Distance from postignano
23,2 Km
The Hemp Museum is located in the ancient village of Sant’Anatolia di Narco, in the Valnerina at the foot of Monte Coscerno and bordered by the Nera river.
The museum was inaugurated in 2008 and reopened to the public with a new exhibition in 2016. It is part of the Ecomuseum of the Umbrian Apennine Dorsal and acts as centre for the gathering and diffusion of material and cultural heritage, dedicated to the cycle of hemp processing and weaving.
With the new layout, the Museum added actual weaving workshops alongside the exhibition spaces. The current exhibit presents manual looms with four and eight heddles and allows observing from up close how they work, discovering how a loom is capable of weaving warp and weft to produce fabrics. The workshops spaces periodically host educational activities designed for children and teens, school trips and weaving courses for adults.
These spaces also provide examples of the current and future potential use of hemp, such as in the green-building sector. The premises were, in fact, refurbished employing hemp and lime plaster, a natural ecological combination whose main characteristics are to be acoustically and thermally insulating as well as humidity-absorbing. In 2016 this intervention earned the Museum the "Green Heart Quality" brand by the Umbria Region for reducing the energy consumption of the structure; it also testifies the commitment to the present-day by what was initially conceived as a place of recollection.

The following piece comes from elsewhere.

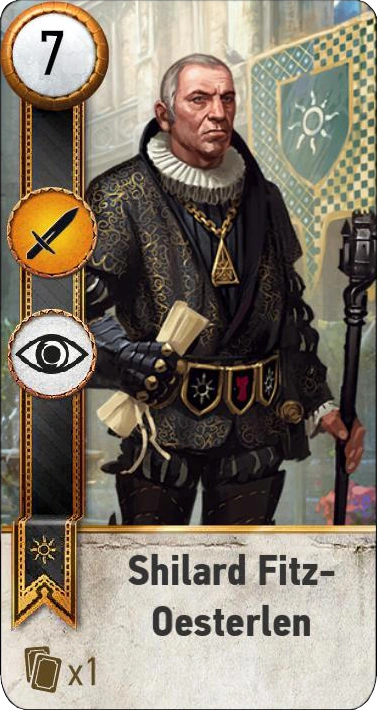 Shilard Fitz-Oesterlen is a close combat gwent card in The Witcher 3: Wild Hunt and part of the Nilfgaardian Empire deck.

In the past, the Museum has also participated in projects related to the most advanced applications of an eclectic material such as hemp, like the T.U.N. Project. (Textile Umbro Naturale), linked to the experimentation in the textile production lines of hemp, wool and natural dyes, or the Fabric-Action Project of the Umbria Region realised in collaboration with the Milan Polytechnic and Polifactory, aimed at prototyping design objects made with natural and innovative hemp-based materials.
The remaining exhibition spaces have been renovated to better illustrate the process of hemp cultivation and exploitation, both in the domestic and industrial environments. During the visit, it is possible to rediscover the phases involved in transforming raw hemp into a thread and then into fabric, from sowing to harvesting, from maceration to spinning. It is not only the objects exhibited, mainly from local sources, that relate the memories linked to this plant: through some video installations the voices and recollections of local people, such as Eugenio and Angelo the canapai or Linneo the ropemaker, guide the visitor in the rediscovery of a world of skill and ingenuity, but also of traditions and proverbs.
In addition to looms, spindles, thistles and spinning wheels, the museum also has an important textile archive, in which yarns of various kinds are kept, from simple hemp sacks to precious linen, to the rolls of canvas that were stored in the family trunks to be used in case of need. Finally, to complete the collections kept at the museum, there is an archive that includes books relating to the textiles theme, ranging from the end of the 19th century to the present day, and about 700 fashion magazines, datable between the 1920s and the1970s.